Bradley N. Opdyke, Bruce H. Wilkinson, Kyger C. Lohmann, R. Kevin Given

Numerous recent studies have documented secular variations in the isotopic (18O, 13C, 34S, Sr87/86) composition of Phanerozoic marine carbonate and first-order changes in the position of global sea level. These changes, in combination with suggested relations of sea floor spreading rates and ridge thermal histories with the composition of sea water, strongly implicate changes in other oceanic chemical parameters through the Phanerozoic. In order to evaluate secular trends in the initial trace element composition of inorganic marine carbonate precipitates, magnesium, manganese, iron, and stable isotopic compositions were determined for marine calcite cement from the Upper Devonian reef complex in the anning basin of Western Australia.

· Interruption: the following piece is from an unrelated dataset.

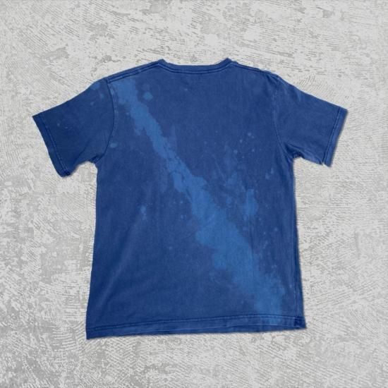 インディゴ染したTシャツにタイダイ柄のブリーチを施したもの。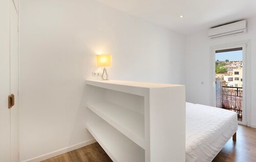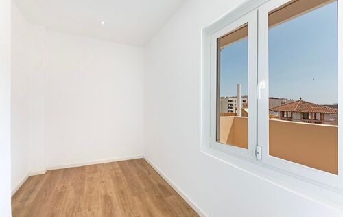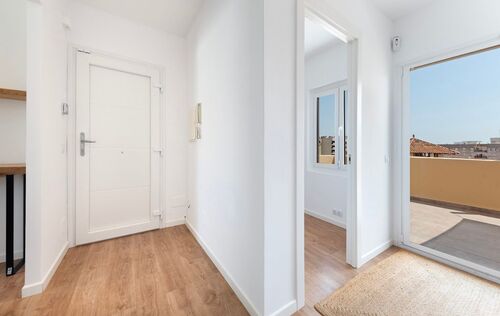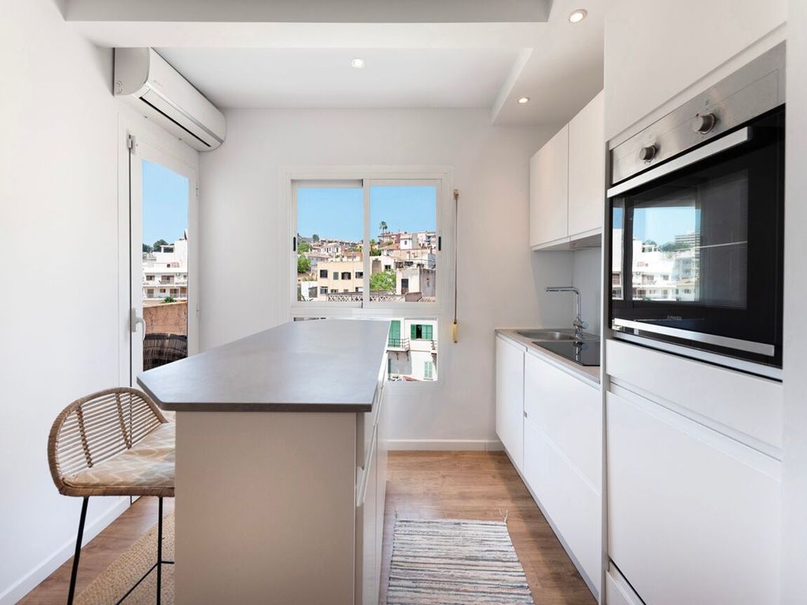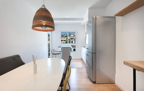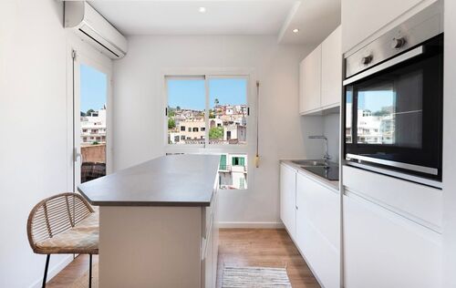 In the heart of the emblematic El Terreno neighborhood, in Palma de Mallorca, is this bright renovated penthouse, a modern refuge with a Mediterranean soul. Located on the fifth floor, the property has been carefully renovated and offers a functional layout with two bedrooms, a full bathroom, an open kitchen with a dining area, a spacious terrace, and a balcony. From the terrace, there are clear views of the sea and the port; from the balcony, views of the park's greenery and the majestic Bellver Castle. Thanks to its orientation, the sun accompanies it throughout the day, creating a warm and welcoming atmosphere in every corner.

These cements comprise alternating layers of inclusion-rich fibrous calcite crystals and clear inclusion-free equant crystals. In comparison to fibrous calcites, inclusion-free cement is significantly enriched in 18O (-3.7 ^pmil), 13C (+2.8 ^pmil), and Mg (6 mole %), and is depleted in Fe and Mn. The isotopic and trace elemental composition of fibrous layers reflects increased alternation of inclusion-rich cement with the subsequent incorporation of manganese- and iron-enriched and oxygen- and carbon-depleted diagenetic intergrowth. Manganese plus iron concentrations vary with depleted 13C and 18O values, indicating a coupling of stable-isotope and trace-element chemistry during diagenesis. Extrapolation of these trends toward the marine end member composition yields values identical with those of inclusion-free cement, indicating that the clear calcite yields primary trace-elemental and stable-isotopic compositions for latest Devonian marine calcite cements.

AAPG Search and Discovery Article #91043©1986 AAPG Annual Convention, Atlanta, Georgia, June 15-18, 1986.